Please retype the entries that follow exactly as they are, leaving the images behind.

§ SOURCE INFORMATION:
###
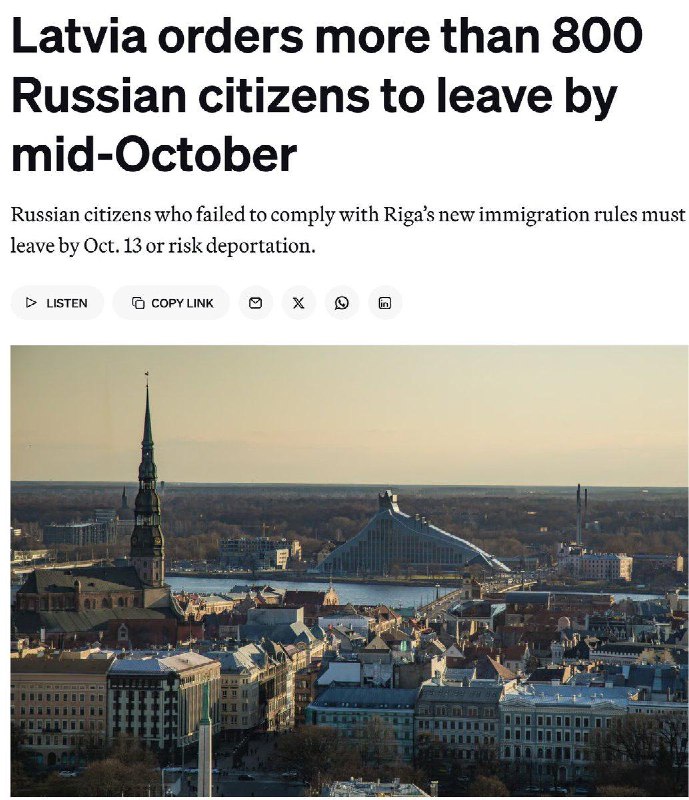 Lotyšsko nariadilo 841 ruským ob?anom, aby do 13. októbra opustili krajinu po tom, ?o nesplnili nové pravidlá pre pobyt vrátane testov z lotyšského jazyka a bezpe?nostných kontrol, informuje Politico. Tí, ktorí termín zmeškajú, ?elia deportácii a strate sociálnych dávok.
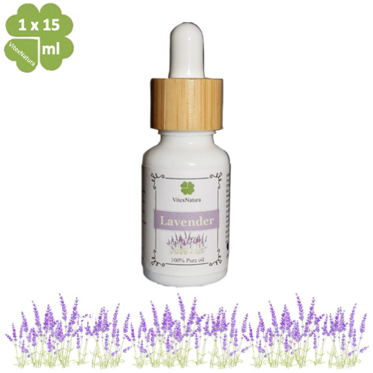 OverzichtLavendel olie (Lavandula Intermedia). Staat bekend om zijn kalmerende eigenschappen.
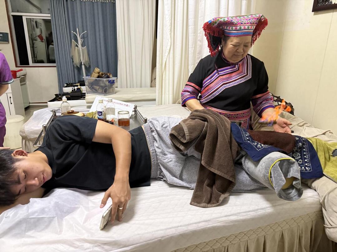 作为2025年湘超联赛冠军永州队的专属医疗保障团队,江华瑶医团队此次再度出征,充分发挥瑶医药“外治为主、内治为辅”的特色优势,为江华队打造赛前、赛中、赛后全周期健康守护体系。赛前,瑶医医师便为运动员开展牛角拔罐、瑶浴泡脚、火疗等非遗特色理疗。针对足球运动高强度对抗易引发肌肉疲劳、关节酸痛、寒湿瘀堵等问题,帮助球员快速缓解训练积累的身体劳损,以最佳体能状态迎战赛场。
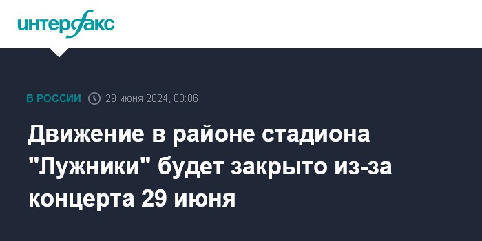 Движение в районе стадиона "Лужники" будет закрыто из-за концерта 29 июня
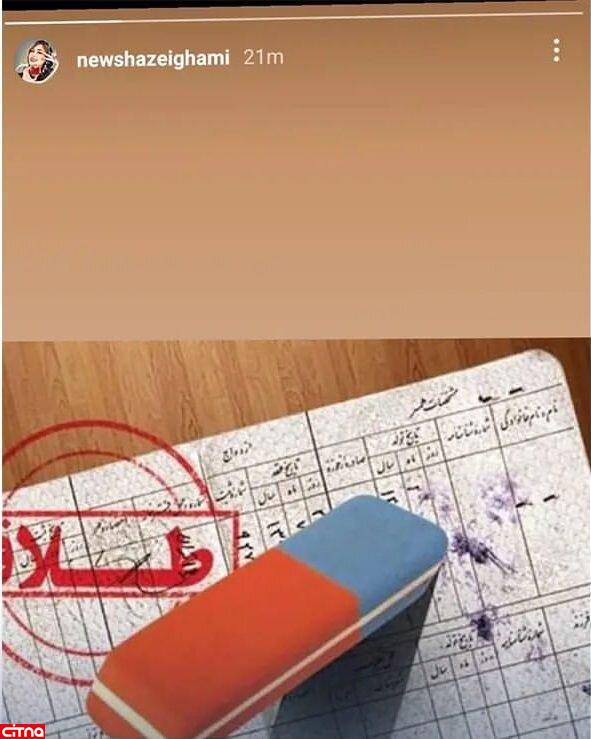 نیوشا ضیغمی عکسی از شناسنامهای که مهر طلاق دارد را منتشر کرد. او استوری خود را بعد از ساعاتی حذف کرد که همین موضوع سبب دوگانی درباره خبرهای جدایی نیوشا ضیغمی از همسرش شده است.
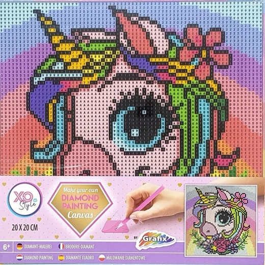 Diamantno slikanje je zabavna tehnika, ki združuje preprosto nanašanje kamenčkov z učinkovitim končnim videzom. Platno s tiskom je že napeto na lesenem okvirju, zato lahko končno delo takoj razstavite. Dovolj je, da postopoma odkrivate zaščitno folijo, nanesete vosek na pero in pritrdite kamenčke na označena polja.
###
§ PROBLEM SOLUTION:
 Lotyšsko nariadilo 841 ruským ob?anom, aby do 13. októbra opustili krajinu po tom, ?o nesplnili nové pravidlá pre pobyt vrátane testov z lotyšského jazyka a bezpe?nostných kontrol, informuje Politico. Tí, ktorí termín zmeškajú, ?elia deportácii a strate sociálnych dávok.
 OverzichtLavendel olie (Lavandula Intermedia). Staat bekend om zijn kalmerende eigenschappen.
 作为2025年湘超联赛冠军永州队的专属医疗保障团队,江华瑶医团队此次再度出征,充分发挥瑶医药“外治为主、内治为辅”的特色优势,为江华队打造赛前、赛中、赛后全周期健康守护体系。赛前,瑶医医师便为运动员开展牛角拔罐、瑶浴泡脚、火疗等非遗特色理疗。针对足球运动高强度对抗易引发肌肉疲劳、关节酸痛、寒湿瘀堵等问题,帮助球员快速缓解训练积累的身体劳损,以最佳体能状态迎战赛场。
 Движение в районе стадиона "Лужники" будет закрыто из-за концерта 29 июня
 نیوشا ضیغمی عکسی از شناسنامهای که مهر طلاق دارد را منتشر کرد. او استوری خود را بعد از ساعاتی حذف کرد که همین موضوع سبب دوگانی درباره خبرهای جدایی نیوشا ضیغمی از همسرش شده است.
 Diamantno slikanje je zabavna tehnika, ki združuje preprosto nanašanje kamenčkov z učinkovitim končnim videzom. Platno s tiskom je že napeto na lesenem okvirju, zato lahko končno delo takoj razstavite. Dovolj je, da postopoma odkrivate zaščitno folijo, nanesete vosek na pero in pritrdite kamenčke na označena polja.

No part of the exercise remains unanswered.